RE: Specifying partial property values (was: Re: [css3-background] New use case for background-position-x (&y!))

Background-position isn't a shorthand.  IE's implementation has ... "some depth" ... w/r/t treating background-position somewhat like a shorthand for legacy compatibility reasons.  That was by no means an easy facet of the implementation.


As currently specced, box-shadow isn't a shorthand either.  It's a single property.

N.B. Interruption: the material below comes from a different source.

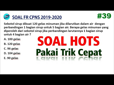 | Pembahasan Soal HOTS FR ASLI TIU CPNS 2019-2020. Soal perbandingan senilai. Soal yang dibahas: Sebotol sirup dibuat 120 gelas minuman jika dilarutkan dalam air dengan perbandingan 1 bagian sirup untuk 5 bagian air. Berapa gelas minuman yang diperoleh dari sebotol sirup jika perbandingan larutannya 1 bagian sirup untuk 4 bagian air ? A. 100 gelas B. 120 gelas C. 96 gelas D. 104 gelas E. 90 gelas Bagi yang mau bertanya dan dibuatkan pembahasan soal silahkan DM IG EDUVID di / Email: [email protected] ———————————————————— β‘οΈYuk traktir Bang EduVid ngopiβ β©Disini π πBiar tambah semangat πͺ ———————————————————— ========================== REKOMENDASI BIMBEL ONLINE ========================== ————————————— BIMBEL SAHABAT CPNS ————————————— Paket bimbingan belajar dari SAHABAT CPNS yang ditawarkan: π BIMBEL PPPK GURU π CPNS SKD PREMIUM π CPNS SKD PLATINUM π SKD SEKOLAH KEDINASAN π CPNS SKB Silahkan daftar dengan mengklik link di bawah ini agar dapat potongan harga β€΅οΈ π />(Masukkan kode EDUVID untuk dapatkan potongan harga dari setiap paket yang ditawarkan). Program belajar mandiri SKD MASTERY PREMIUM yang resmi dibawah naungan PT. Solusi Belajar Indonesia (sahabatcpns.com). Fasilitas : π40 paket latihan soal (tipe LOTS-HOTS) π 5 Paket Try Out Premium π 4 Paket Try Out Extra Premium (plus video pembahasan) π Ringkasan materi sesuai kisi kisi terbaru π Grup diskusi untuk semua member π Mentoring via telegram selama persiapan cpns (Senin-Sabtu) π 5 Fitur Unggulan : Extra Video pembahasan, Analisa pengerjaan soal, Statistik hasil , Rangking Nasional & Adanya keterangan sub materi soal. πΌ Daftar sekarang diskon menjadi 125K/tahun dengan memasukan kode voucher EDUVID Periode promo berakhir 1 Mei 2021 Daftar atau coba Gratis β€΅οΈ π /> Program belajar bersama mentor SKD MASTERY PLATINUM yang resmi dibawah naungan PT. Solusi Belajar Indonesia (sahabatcpns.com) Fasilitas : π40 paket latihan soal (tipe LOTS-HOTS) π 5 Paket Try Out Premium π 6 Paket Try Out Extra Premium (plus video pembahasan) π Ringkasan materi sesuai kisi kisi terbaru π Grup diskusi untuk semua member π Mentoring via telegram selama persiapan cpns (Senin-Sabtu) π 5 Fitur Unggulan : Extra Video pembahasan, Analisa pengerjaan soal, Statistik hasil , Rangking Nasional & Adanya keterangan sub materi soal π 20 Pertemuan via Zoom (terjadwal mulai 1 mei 2021 with Kak Yasmin, Kak Yulius dan Kk Wenda ) Mulai belajar via Zoom tanggal 1 Mei 2021 (tentatif) πΌ Daftar sekarang diskon menjadi 325/tahun dengan memasukan kode voucher EDUVID Periode promo berakhir 01 Mei 2021 Daftar atau coba Gratis β€΅οΈ π /> —————– AYO CPNS —————– Paket bimbingan belajar dari AYO CPNS yang ditawarkan: π PREMIUM π PLATINUM π BIMBEL ONLINE EKSKLUFIF π BIMBEL TATAP MUKA EKSKLUFIF Silahkan daftar dengan mengklik link di bawah ini agar dapat potongan harga β€΅οΈ π />Masukkan kode 3D1N5T atau kode AYOCPNS untuk dapatkan potongan harga dari setiap paket yang ditawarkan. —————– BISACPNS —————– Yuk segera daftarkan diri untuk ikut Tryout Akbar Nasional secara gratis, Kuliah Umum/ Webinar Gratis dari platform belajar online bisaCPNS.com dengan mengklik link pendaftaran di bawah ini: π (Untuk upgrade ke akun VIP silahkan gunakan kode voucher dan tuliskan: EDUVID Untuk dapatkan potongan harga 21K). ======= Prediksi Akurat CPNS 2021 soal skd tiu cpns 2021 soal skb cpns 2021 | |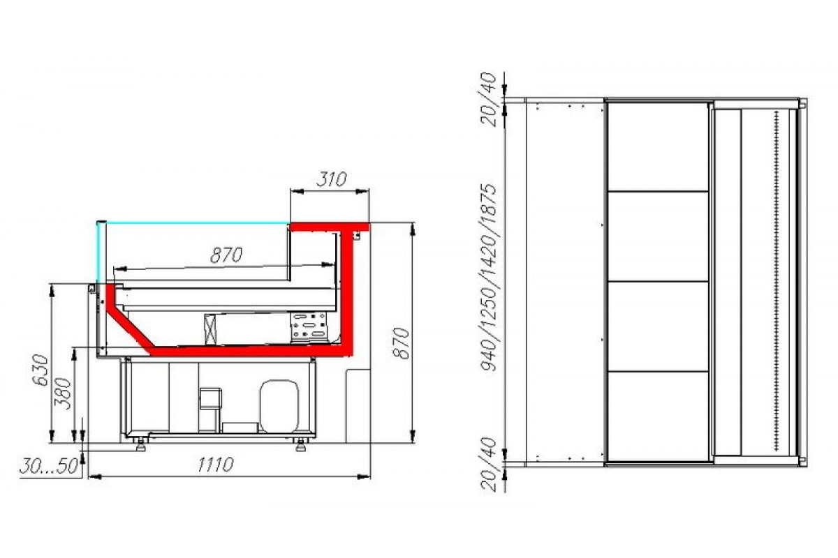 - Глубина выкладки 870 мм;

While I concur that there is some author value in expanding that design, it's not a trivial undertaking.  'Background' does pave the way a bit, because the complexity of the box-shadow property (layers, multiple fields, etc.) is already present in one form or another.


CSS4 perhaps...

- Brian


> -----Original Message-----
> From: www-style-request@w3.org [mailto:www-style-request@w3.org] On
> Behalf Of Jonas Hartmann
> Sent: Wednesday, November 10, 2010 11:34 AM
> To: Lee Kowalkowski; Brad Kemper; Tab Atkins Jr.; www-style@w3.org
> Subject: Specifying partial property values (was: Re: [css3-background] New
> use case for background-position-x (&y!))
> 
> Hello,
> 
> On 2010-11-09, at 23:51, Lee Kowalkowski wrote:
> ...
> > The main point is there are situations where an author would like to
> > specify -x without -y, for whatever reason, exactly like when
> > specifying margin-top without interfering with margin-left defined in
> > another rule.
> ...
> 
> I wondered how I can change CSS3 text-shadow-color or text-shadow-
> distance-top or text-shadow-distance-left or text-shadow-blur-radius
> 
> http://www.w3.org/TR/css3-text/#text-shadow

> http://www.w3.org/TR/2010/WD-css3-background-20100612/#box-shadow

> 
> Did I miss something or is that not possible? On the argument that you can
> specify multiple light directions => shadows you could still offer
> 
> text-shadow: 3px 2px 1px red, 1px 2px 3px blue;
> text-shadow-color: yellow, rgba(0,0,0,0.4);
> 
> (awesome would even be text-shadow-color: yellow, rgba(cascade, cascade,
> cascade, 0.4);)
> 
> 
> CSS always had very good shorthands as well as full properties like padding
> and margin for instance.
> 
> With the browser vendors pre-standard implementations of background
> gradients I had the issue described above as well, I could not simply change
> parts of the gradient or add a background-color ex-post (for graceful
> degration, e.g. older browsers, lets say in my ie.css). Always having to specify
> a full property where a partial (with magic standard values) would be
> sufficient is bad.
> 
> text-shadow: red; should work as should text-shadow: 1px - or text-shadow:
> 1px 1px, or text-shadow: 1px 1px red - you get the idea and can probably
> imagine what a good default would be.
> 
> 
> King regards
>  Jonas
> 
> p.s.: I took a look at the spec, sorry if I did not get it right and its all in.